▶ [Action item]:
Please return the data word for word and leave out any picture it contains.

▶ [Supplied material]:

- - - -

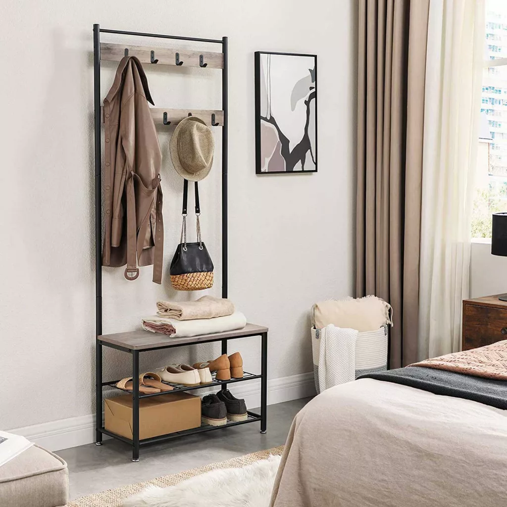 VASAGLE Industrial Előszobai Állvány Cipőtárolóval és Paddal Greige-Fekete
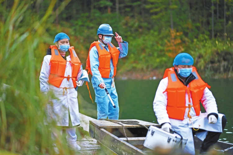 2月8日,在臺江縣革一鎮(zhèn)排生村,臺江供電局臺盤供電所黨員王清亮和當?shù)匦l(wèi)生部門工作人員乘船前往工作點?!㈤_福 攝影報道
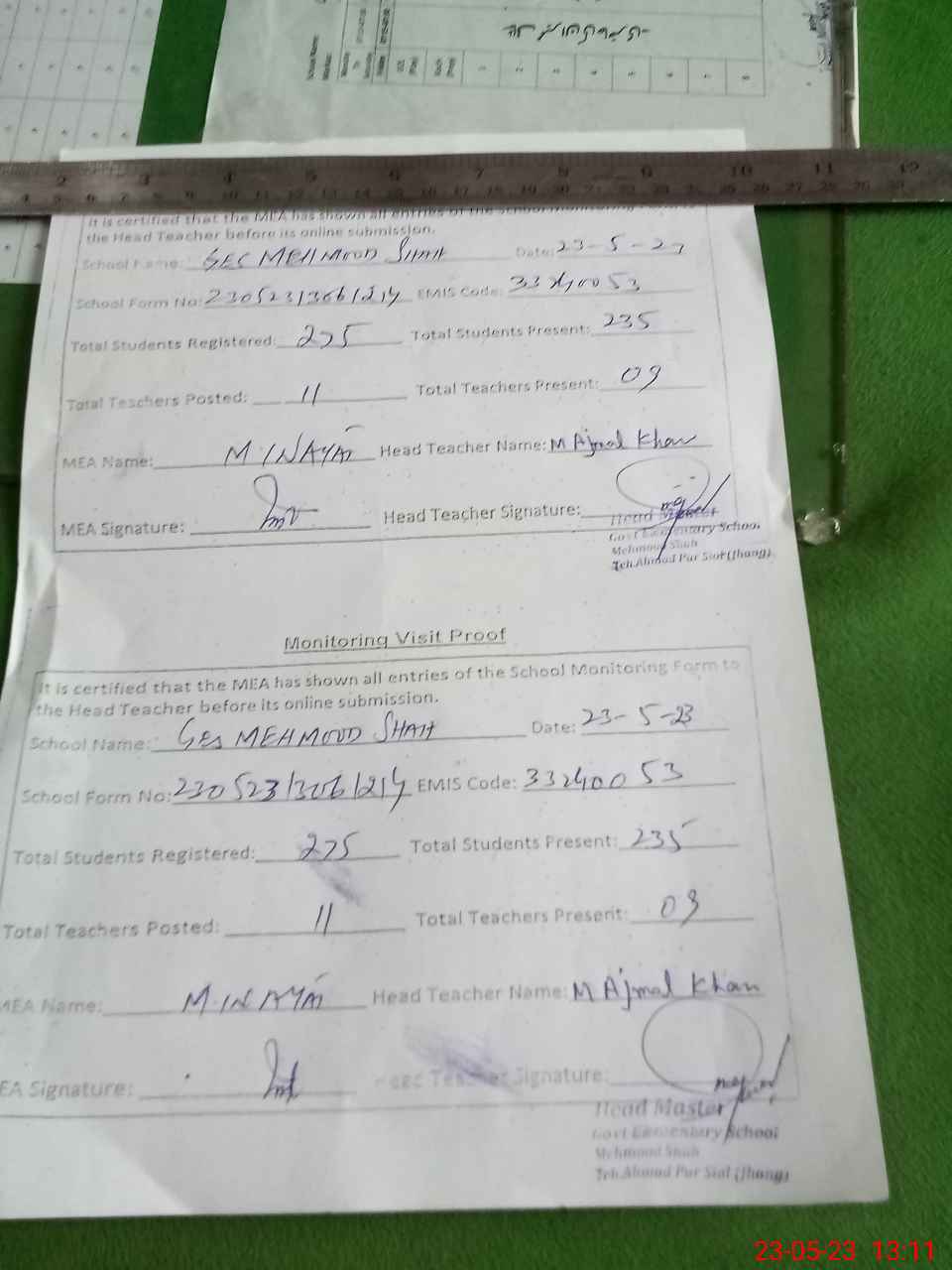 | EMIS Code: 33240053 | Name of School: GES MAHMOOD SHAH | |||

- - - -

▶ [Written solution]:
 VASAGLE Industrial Előszobai Állvány Cipőtárolóval és Paddal Greige-Fekete
 2月8日,在臺江縣革一鎮(zhèn)排生村,臺江供電局臺盤供電所黨員王清亮和當?shù)匦l(wèi)生部門工作人員乘船前往工作點?!㈤_福 攝影報道
 | EMIS Code: 33240053 | Name of School: GES MAHMOOD SHAH | |||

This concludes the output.